# Finding a Lawyer in Hurghada



## airport99 (Jul 6, 2013)

Can anybody tell me if they have had any dealings with the legal firm, Nasser Baroudy? If anybody also knows of any other lawyers they can recommend I would be truly grateful to know.
Thanks. Aero99


----------



## airport99 (Jul 6, 2013)

Sorry, I forgot to mention that it is in Hurghada that I am looking for a Lawyer.


----------



## Gounie (Jan 27, 2011)

There are some negative posts about him on a Web World Property forum for Hurghada. He is also mentioned on another law firm's website who a lot of people are using but my friend had very bad experience with this firm.

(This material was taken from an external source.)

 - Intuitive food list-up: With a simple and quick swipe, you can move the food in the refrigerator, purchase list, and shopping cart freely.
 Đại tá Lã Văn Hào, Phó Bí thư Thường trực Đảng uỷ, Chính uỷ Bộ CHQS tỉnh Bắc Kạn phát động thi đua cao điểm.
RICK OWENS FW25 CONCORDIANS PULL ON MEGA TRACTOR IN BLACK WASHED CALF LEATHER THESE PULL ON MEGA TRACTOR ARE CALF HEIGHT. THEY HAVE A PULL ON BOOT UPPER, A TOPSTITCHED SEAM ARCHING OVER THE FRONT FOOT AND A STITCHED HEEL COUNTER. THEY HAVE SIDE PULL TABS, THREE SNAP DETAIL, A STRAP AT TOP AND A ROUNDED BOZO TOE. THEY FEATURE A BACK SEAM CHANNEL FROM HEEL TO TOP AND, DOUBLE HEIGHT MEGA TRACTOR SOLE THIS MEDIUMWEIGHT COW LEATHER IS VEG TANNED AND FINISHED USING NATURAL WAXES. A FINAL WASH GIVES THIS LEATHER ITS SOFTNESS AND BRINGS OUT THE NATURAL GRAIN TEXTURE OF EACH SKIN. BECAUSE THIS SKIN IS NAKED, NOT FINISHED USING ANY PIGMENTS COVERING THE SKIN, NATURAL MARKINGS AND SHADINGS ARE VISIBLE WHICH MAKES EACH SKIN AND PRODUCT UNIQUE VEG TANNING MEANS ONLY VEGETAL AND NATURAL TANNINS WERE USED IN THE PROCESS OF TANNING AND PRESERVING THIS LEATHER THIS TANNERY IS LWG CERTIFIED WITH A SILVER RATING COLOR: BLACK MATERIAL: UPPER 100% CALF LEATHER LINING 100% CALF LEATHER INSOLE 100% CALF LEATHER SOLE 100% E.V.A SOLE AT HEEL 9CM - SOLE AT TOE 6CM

Look for a lawyer that has been successful in a case. Many will take your money but never actually deliver anything. So if you receive a recommendation from someone make sure they got their apartment or money returned from this work.


----------



## MALCOLMINTHEMIDDLE27 (May 24, 2012)

Hello Airport99, from my side I can recommend you GIC Legal, they are dealing with my case and they are very efficient. The firm is based in Hurghada and managed by a french lawyer and 3 or 4 egyptian lawyers.

the e-mail of my lawyer is [email protected]

Hope this can help


----------



## Helen Ellis (Aug 9, 2008)

Several friends use Tarek Fathalla, including at least one who manages a reputable international property company. His web page and number can be Googled. Add another 0 after the 010 on his mobile phone number listed. (it should read 0100.....etc). He speaks excellent English.


----------